> _Raw data_
-.-.-
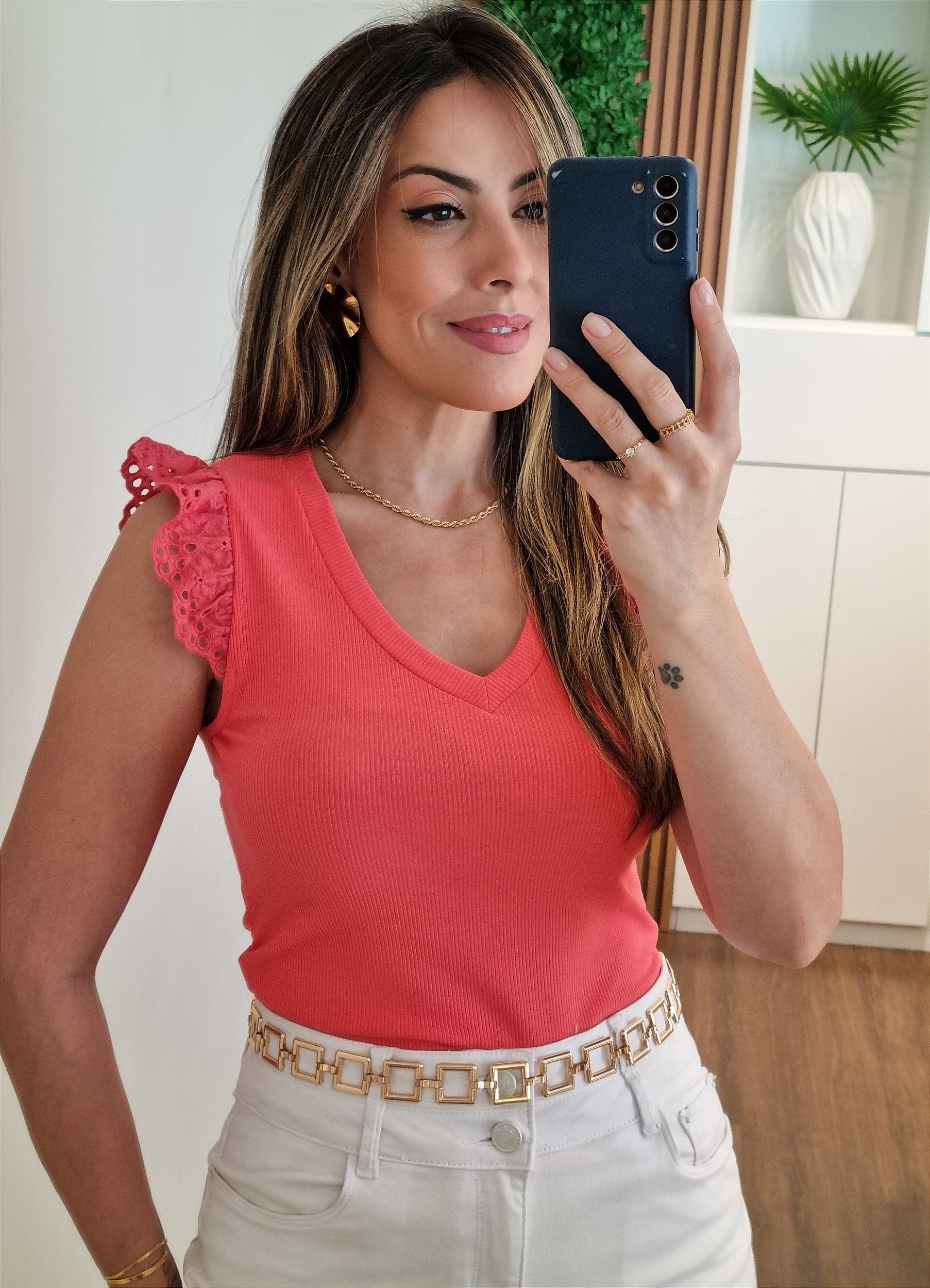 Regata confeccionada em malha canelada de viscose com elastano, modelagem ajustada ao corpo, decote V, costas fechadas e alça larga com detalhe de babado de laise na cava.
-.-.-
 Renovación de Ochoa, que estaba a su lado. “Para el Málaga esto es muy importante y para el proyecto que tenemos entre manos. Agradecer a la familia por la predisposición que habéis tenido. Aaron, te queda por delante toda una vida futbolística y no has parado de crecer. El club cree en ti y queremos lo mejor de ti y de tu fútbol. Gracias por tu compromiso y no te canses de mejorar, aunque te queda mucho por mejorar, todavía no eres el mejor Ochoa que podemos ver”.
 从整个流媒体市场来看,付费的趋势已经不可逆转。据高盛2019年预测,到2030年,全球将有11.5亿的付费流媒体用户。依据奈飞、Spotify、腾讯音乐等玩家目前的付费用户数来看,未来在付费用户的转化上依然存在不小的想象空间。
-.-.-
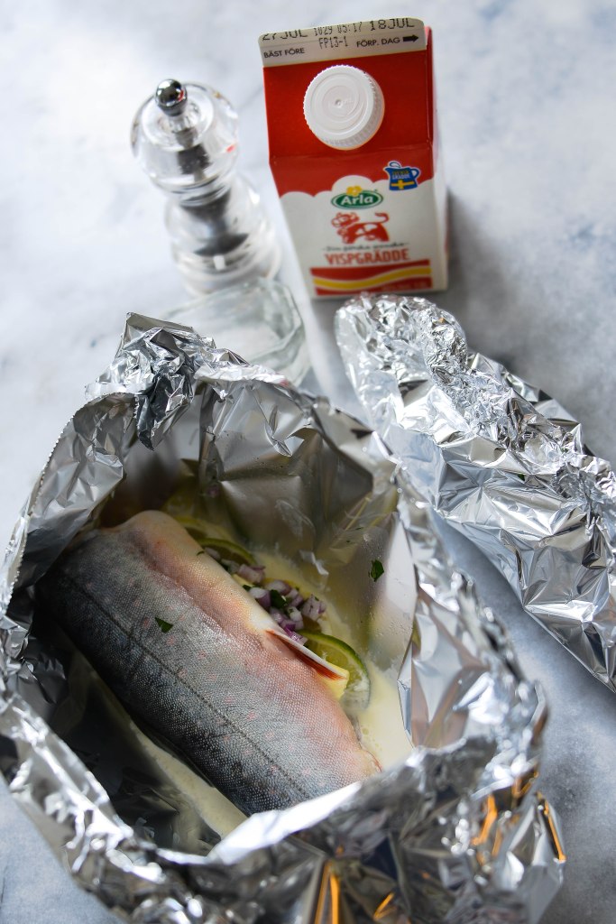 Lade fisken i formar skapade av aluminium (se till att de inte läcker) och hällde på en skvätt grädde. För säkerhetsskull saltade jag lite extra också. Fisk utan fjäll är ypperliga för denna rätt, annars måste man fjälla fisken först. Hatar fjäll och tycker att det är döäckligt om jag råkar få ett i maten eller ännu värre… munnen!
-.-.-
> _Task to carry out_
Please make an exact copy of the lines above from the line with "Renovación de Ochoa, que" through the line with "从整个流媒体市场来看,付费的", both ends included.

> _Your solution_
 Renovación de Ochoa, que estaba a su lado. “Para el Málaga esto es muy importante y para el proyecto que tenemos entre manos. Agradecer a la familia por la predisposición que habéis tenido. Aaron, te queda por delante toda una vida futbolística y no has parado de crecer. El club cree en ti y queremos lo mejor de ti y de tu fútbol. Gracias por tu compromiso y no te canses de mejorar, aunque te queda mucho por mejorar, todavía no eres el mejor Ochoa que podemos ver”.
 从整个流媒体市场来看,付费的趋势已经不可逆转。据高盛2019年预测,到2030年,全球将有11.5亿的付费流媒体用户。依据奈飞、Spotify、腾讯音乐等玩家目前的付费用户数来看,未来在付费用户的转化上依然存在不小的想象空间。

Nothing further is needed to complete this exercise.